### Input data:
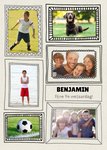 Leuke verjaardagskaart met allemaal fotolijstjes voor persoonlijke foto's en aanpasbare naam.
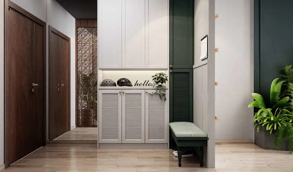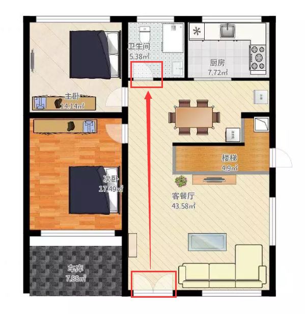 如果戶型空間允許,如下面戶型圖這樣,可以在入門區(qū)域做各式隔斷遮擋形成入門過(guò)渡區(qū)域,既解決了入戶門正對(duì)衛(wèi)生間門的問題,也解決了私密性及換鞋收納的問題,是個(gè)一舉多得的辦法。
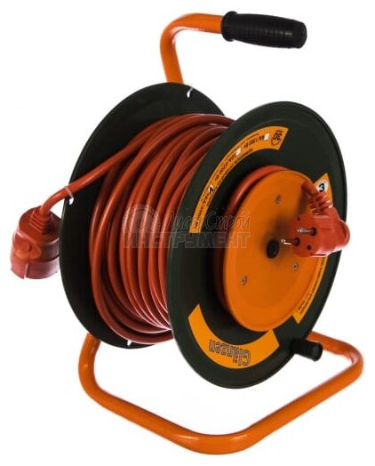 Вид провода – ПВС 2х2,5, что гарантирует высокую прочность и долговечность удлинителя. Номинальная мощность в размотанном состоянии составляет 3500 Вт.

...

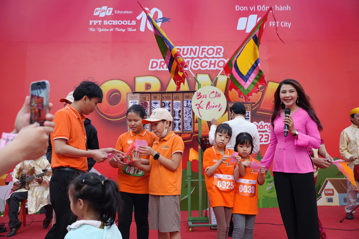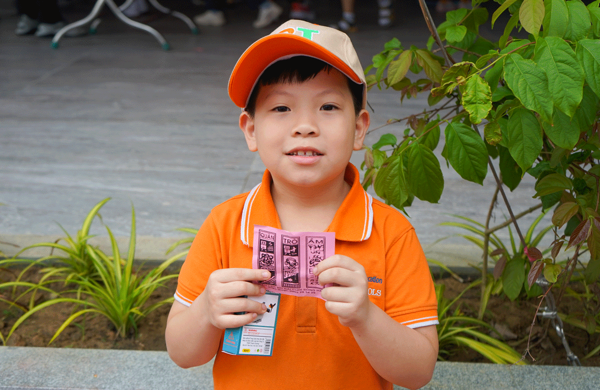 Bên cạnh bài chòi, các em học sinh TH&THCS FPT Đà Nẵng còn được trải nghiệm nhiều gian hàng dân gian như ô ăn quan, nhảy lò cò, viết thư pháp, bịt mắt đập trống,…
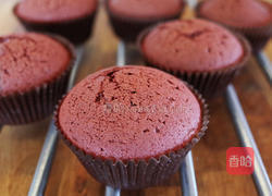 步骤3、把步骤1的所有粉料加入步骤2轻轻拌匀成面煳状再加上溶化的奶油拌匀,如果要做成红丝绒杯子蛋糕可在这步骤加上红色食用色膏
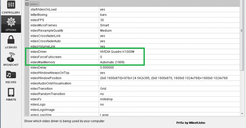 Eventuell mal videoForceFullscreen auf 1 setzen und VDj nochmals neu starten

---

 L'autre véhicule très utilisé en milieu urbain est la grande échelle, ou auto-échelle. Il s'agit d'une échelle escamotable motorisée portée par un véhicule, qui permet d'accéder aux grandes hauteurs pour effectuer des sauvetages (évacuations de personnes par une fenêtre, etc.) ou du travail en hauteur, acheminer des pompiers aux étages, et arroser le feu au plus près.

### Problem details:
Would you write out exactly the lines above, starting at the line containing "Leuke verjaardagskaart met" and stopping after the line containing "Вид провода –"? Omit the pictures.

### Your solution:
 Leuke verjaardagskaart met allemaal fotolijstjes voor persoonlijke foto's en aanpasbare naam.
 如果戶型空間允許,如下面戶型圖這樣,可以在入門區(qū)域做各式隔斷遮擋形成入門過(guò)渡區(qū)域,既解決了入戶門正對(duì)衛(wèi)生間門的問題,也解決了私密性及換鞋收納的問題,是個(gè)一舉多得的辦法。
 Вид провода – ПВС 2х2,5, что гарантирует высокую прочность и долговечность удлинителя. Номинальная мощность в размотанном состоянии составляет 3500 Вт.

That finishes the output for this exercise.